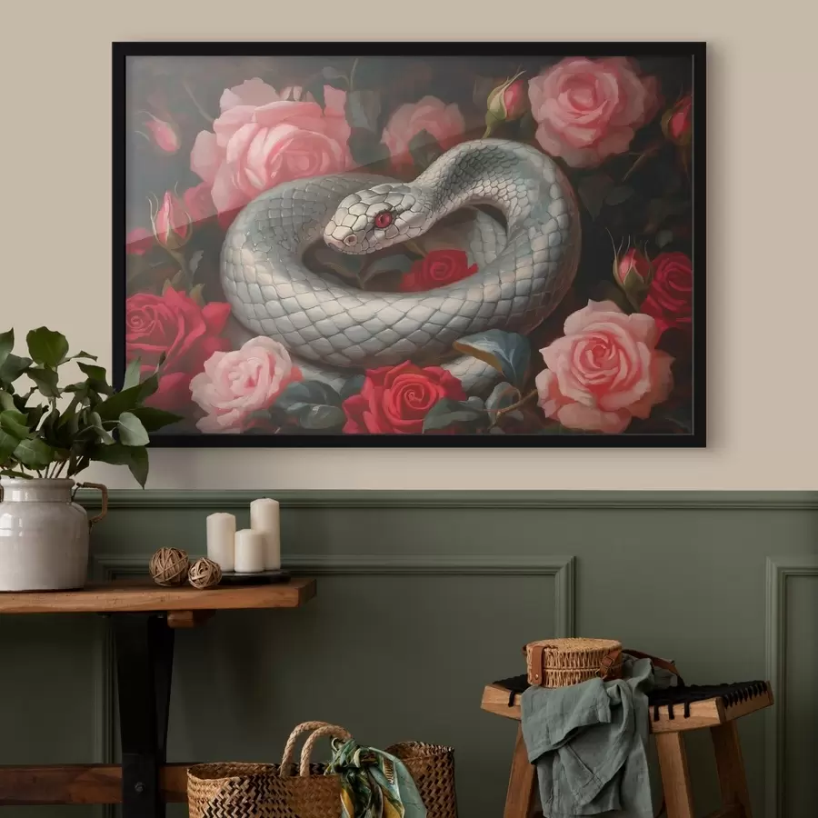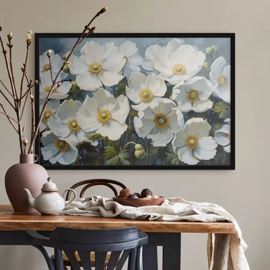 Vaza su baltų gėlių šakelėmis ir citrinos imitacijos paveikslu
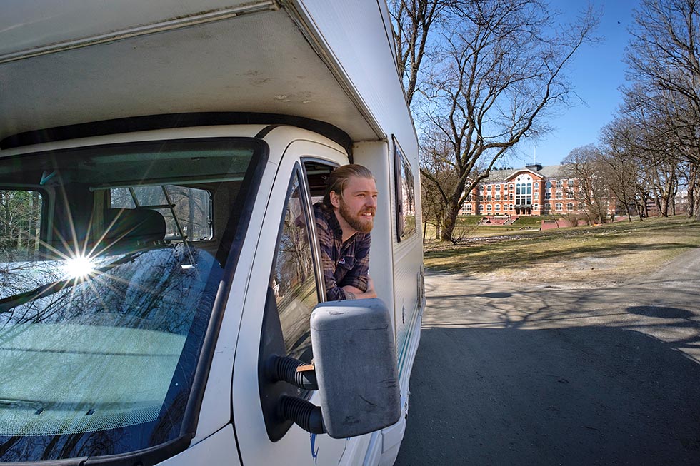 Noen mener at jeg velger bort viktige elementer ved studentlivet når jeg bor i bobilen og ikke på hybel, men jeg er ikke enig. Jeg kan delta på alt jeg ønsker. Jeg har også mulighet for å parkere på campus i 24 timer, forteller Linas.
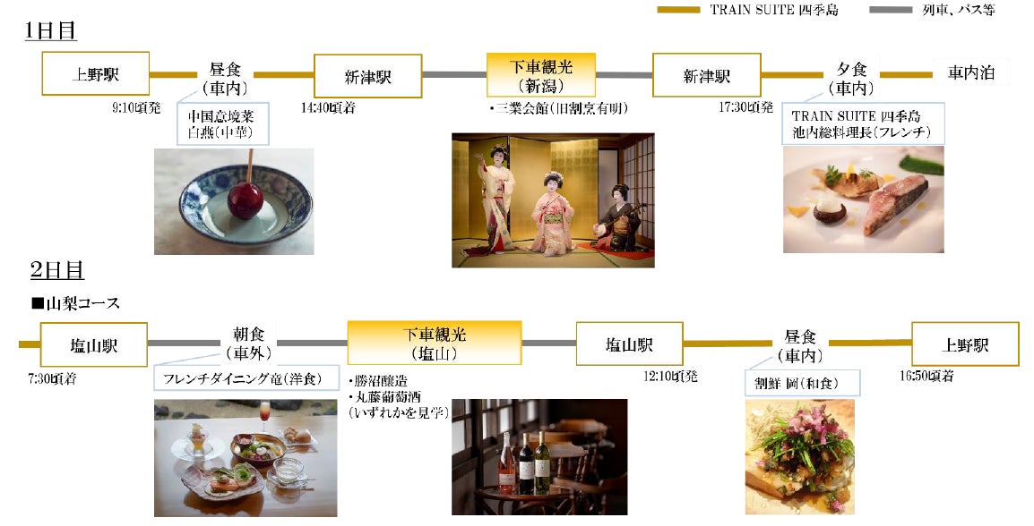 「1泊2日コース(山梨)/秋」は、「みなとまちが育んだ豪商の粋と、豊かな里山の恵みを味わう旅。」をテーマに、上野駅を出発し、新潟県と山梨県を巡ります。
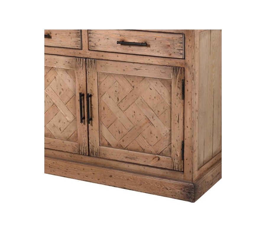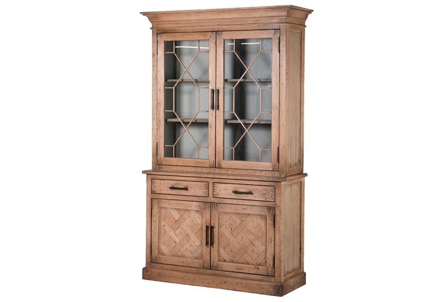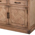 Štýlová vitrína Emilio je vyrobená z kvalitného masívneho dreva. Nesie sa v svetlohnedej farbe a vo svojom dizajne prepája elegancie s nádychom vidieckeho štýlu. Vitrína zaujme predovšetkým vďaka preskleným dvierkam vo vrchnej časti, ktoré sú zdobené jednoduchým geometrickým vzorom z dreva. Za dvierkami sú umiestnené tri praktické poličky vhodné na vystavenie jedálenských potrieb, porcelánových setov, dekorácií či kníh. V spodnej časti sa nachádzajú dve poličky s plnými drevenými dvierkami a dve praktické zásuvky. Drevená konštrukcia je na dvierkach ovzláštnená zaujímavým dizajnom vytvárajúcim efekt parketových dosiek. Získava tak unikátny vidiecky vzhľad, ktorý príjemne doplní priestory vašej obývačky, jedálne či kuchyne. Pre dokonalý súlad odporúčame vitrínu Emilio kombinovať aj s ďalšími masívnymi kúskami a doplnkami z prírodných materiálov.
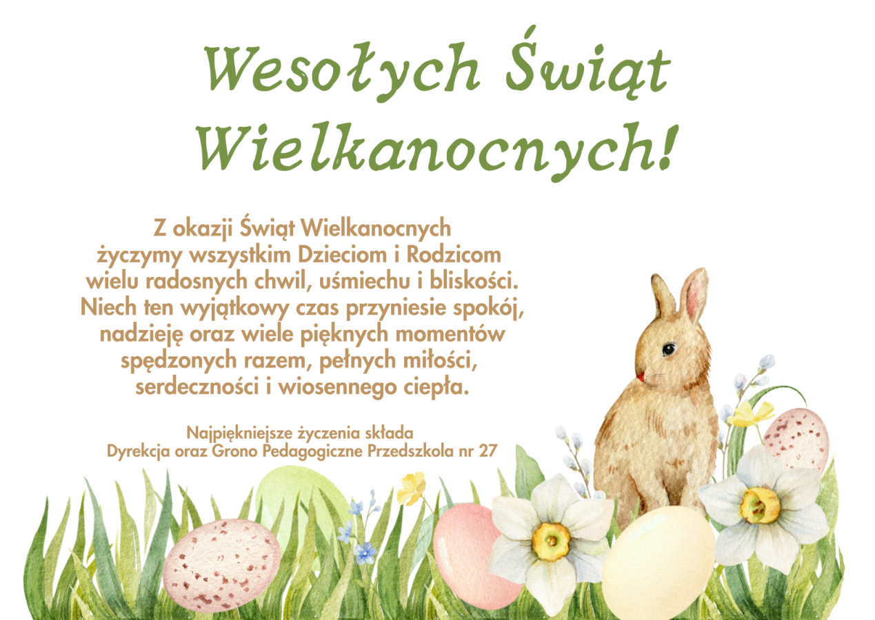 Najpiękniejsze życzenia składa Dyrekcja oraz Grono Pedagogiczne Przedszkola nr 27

- _Brief_
The required answer is an exact, picture-free copy of the lines from the opening of the listing above through the line with "Noen mener at".

- _Reply to the task_
 Vaza su baltų gėlių šakelėmis ir citrinos imitacijos paveikslu
 Noen mener at jeg velger bort viktige elementer ved studentlivet når jeg bor i bobilen og ikke på hybel, men jeg er ikke enig. Jeg kan delta på alt jeg ønsker. Jeg har også mulighet for å parkere på campus i 24 timer, forteller Linas.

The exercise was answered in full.